La resolución recuerda que la valoración de la prueba realizada por la Audiencia Provincial ya fue revisada por el tribunal de apelación, dando cumplimiento al derecho reconocido en el artículo 14.5 del Pacto Internacional de Derechos Civiles y Políticos.
Sobre esta base, la sentencia explica que la función del Tribunal Supremo se concreta en verificar:
«si la respuesta que ha dado el Tribunal de apelación ha sido racional y ha respetado la doctrina del Tribunal Constitucional y de esta Sala Segunda sobre el alcance de la revisión, sobre la motivación y sobre la licitud, la regularidad y la suficiencia de las pruebas».
Es decir, el control casacional no consiste en volver a valorar la prueba ni en sustituir la apreciación del tribunal sentenciador.
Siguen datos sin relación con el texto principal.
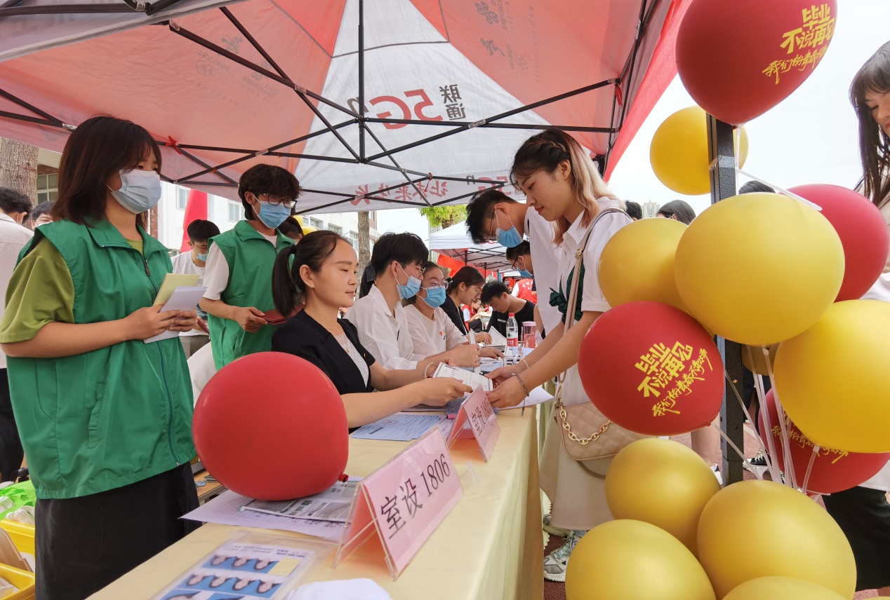 为了迎接2021届毕业生返校并为其提供优质难忘的服务,在太阳集团tyc539党总支书记马春燕的安排部署下,团总支书记刘亚娟,学工办主任刘高喜带领18级辅导员和志愿者们一大早便开展忙碌的准备工作,以确保毕业生顺利办理毕业手续。

De hecho, la propia resolución recuerda expresamente que la casación puede entenderse como una “tercera instancia debilitada”, pero sin facultades para llevar a cabo una nueva valoración de pruebas personales:
«Esta “tercera instancia debilitada” no habilita a revisar la credibilidad de los testimonios prestados en el juicio oral ante el Tribunal de instancia, [...] únicamente a constatar que sí se dispuso de prueba de cargo suficiente, legal y constitucionalmente obtenida y practicada y si los argumentos del Tribunal de apelación han sido lógicos y racionales».
La sentencia insiste, además, en que el control casacional se orienta a:
constatar la existencia de actividad probatoria realizada con inmediación y contradicción;
comprobar que dicha prueba tenía carácter de cargo;
y revisar la estructura racional del juicio sobre la prueba, siempre excluyendo los aspectos dependientes de la inmediación.
El Tribunal Supremo solo corrige razonamientos absolutamente inconsistentes, arbitrarios o manifiestamente erróneos, pero no sustituye la valoración del tribunal de instancia ni revisa críticamente el conjunto de la prueba practicada.
La función propia de la Sala Segunda: control jurídico y unificación
En este mismo sentido, otra resolución reciente (sentencia núm. 752/2025, de 22 de septiembre) recuerda que la casación penal no es una tercera instancia en materia de valoración de la prueba, especialmente tras la generalización de la doble instancia y los plenos efectos devolutivos de la apelación.
La Sala precisa:
«La casación penal no es una tercera instancia a efectos de valoración de la prueba [...]; la función del Tribunal de casación no es controlar el mayor o menor acierto del tribunal de enjuiciamiento, porque la casación es un recurso extraordinario que tiene una misión esencial, cual es la de unificar los criterios de interpretación sustantivos y procesales».
Esta afirmación encaja plenamente con la advertencia reiterada en las resoluciones anteriores: la casación no revisa de nuevo lo ya revisado, y su objeto no es reabrir debates fácticos, sino verificar la corrección jurídica de la sentencia de apelación.
Conclusión
Reproducir en casación el contenido del recurso de apelación constituye un error técnico que desconoce el objeto propio del recurso extraordinario. La casación debe construirse directamente frente a la sentencia dictada en apelación y a los argumentos en ella empleados, pues solo así puede cumplirse su función: controlar la racionalidad, la motivación y la corrección jurídica de la resolución de segundo grado, en los términos fijados por el Tribunal Supremo.